Really, the description of his passing makes me think something else was going on and it was 100% not your fault. If it had been from the drug, we would have seen at least some muscle twitching. If it had been from the drug too, it wouldn't have been your fault in my opinion, because your intentions were to help out Hans.

I really admire you for your persistence in getting good care for Hans, and for doing things outside of your comfort zone to take care of him.

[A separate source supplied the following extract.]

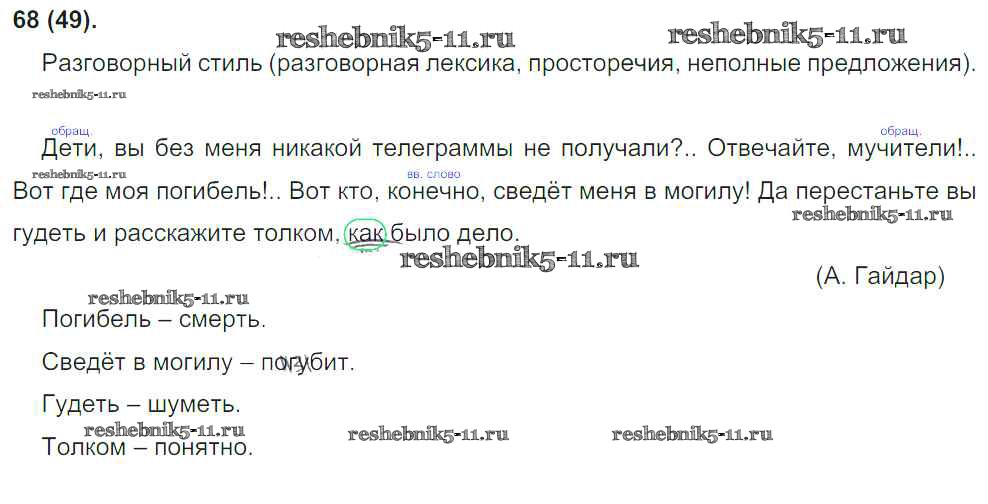 Готовая домашняя работа с ответами по Русскому языку за 8 класс Бархударов, Крючков, Максимов Учебник Просвещение 2018 ФГОС - Упражнения 68
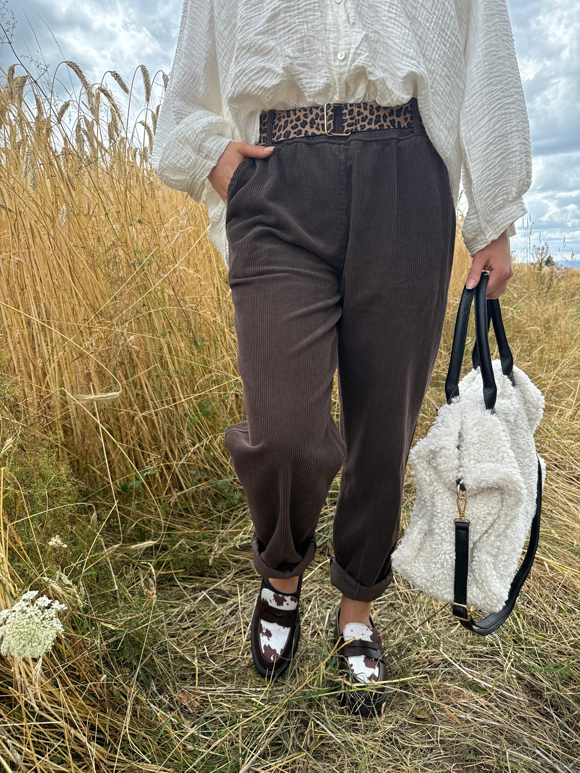 Le pantalon qui réchauffe la saison avec la douceur du velours et le pep’s du léopard.

I'm really afraid of needles, so if my bunnies needed injections, it would be very hard for me to give them, not to mention that you had to convince your vet it was the right thing to do. The fact that the abscess was shrinking shows that what you were doing was working. Something you couldn't see must have been at play here. He may have died, but his family was doing everything possible to try to stop that, and that showed how much you loved him. Please please don't blame yourself for it. If you want to talk about it, and what I learned from the articles I found, please PM me at any time.
 
I don't think its the drug either. When we first started treatment, Hans was given daily injections for the first 3 days (to get the drug level up, as advised by Randy). If it was anything to do with the drug, I think we would have seen some reaction then.

I guess you are all correct. There may have been something else going on that I couldn't see/know about. I'm going to leave it at that, and just cherish the memories Hans left behind from now on.

Thanks, Maureen, Tracy and Claire. You have all helped me tremendously during this hard time.